SOURCE RECORDS below:

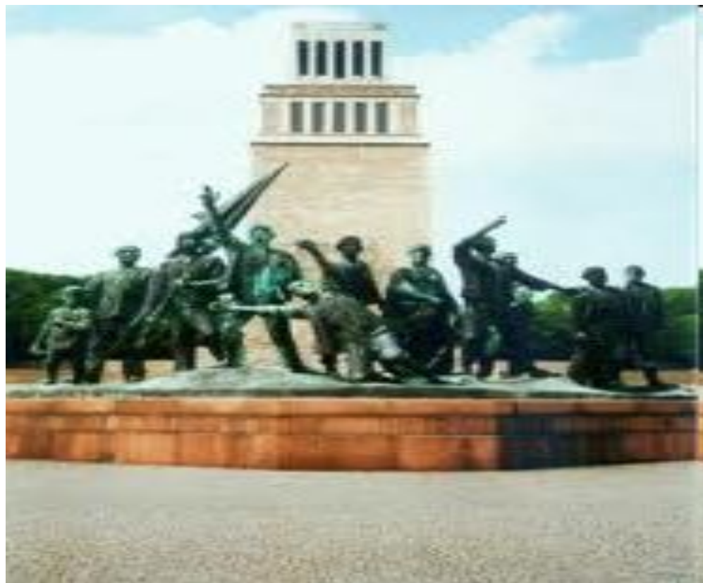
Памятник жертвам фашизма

End of SOURCE RECORDS.
SOURCE RECORDS below:

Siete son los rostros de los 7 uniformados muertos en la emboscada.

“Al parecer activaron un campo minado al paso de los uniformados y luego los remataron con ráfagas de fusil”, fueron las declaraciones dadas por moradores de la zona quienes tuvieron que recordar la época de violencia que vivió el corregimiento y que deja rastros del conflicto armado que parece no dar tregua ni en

End of SOURCE RECORDS.

> _TASK PROMPT_:
Go through the records above and return every line that holds the string "uniformados".

> _WRITTEN ANSWER_:
Siete son los rostros de los 7 uniformados muertos en la emboscada.
“Al parecer activaron un campo minado al paso de los uniformados y luego los remataron con ráfagas de fusil”, fueron las declaraciones dadas por moradores de la zona quienes tuvieron que recordar la época de violencia que vivió el corregimiento y que deja rastros del conflicto armado que parece no dar tregua ni en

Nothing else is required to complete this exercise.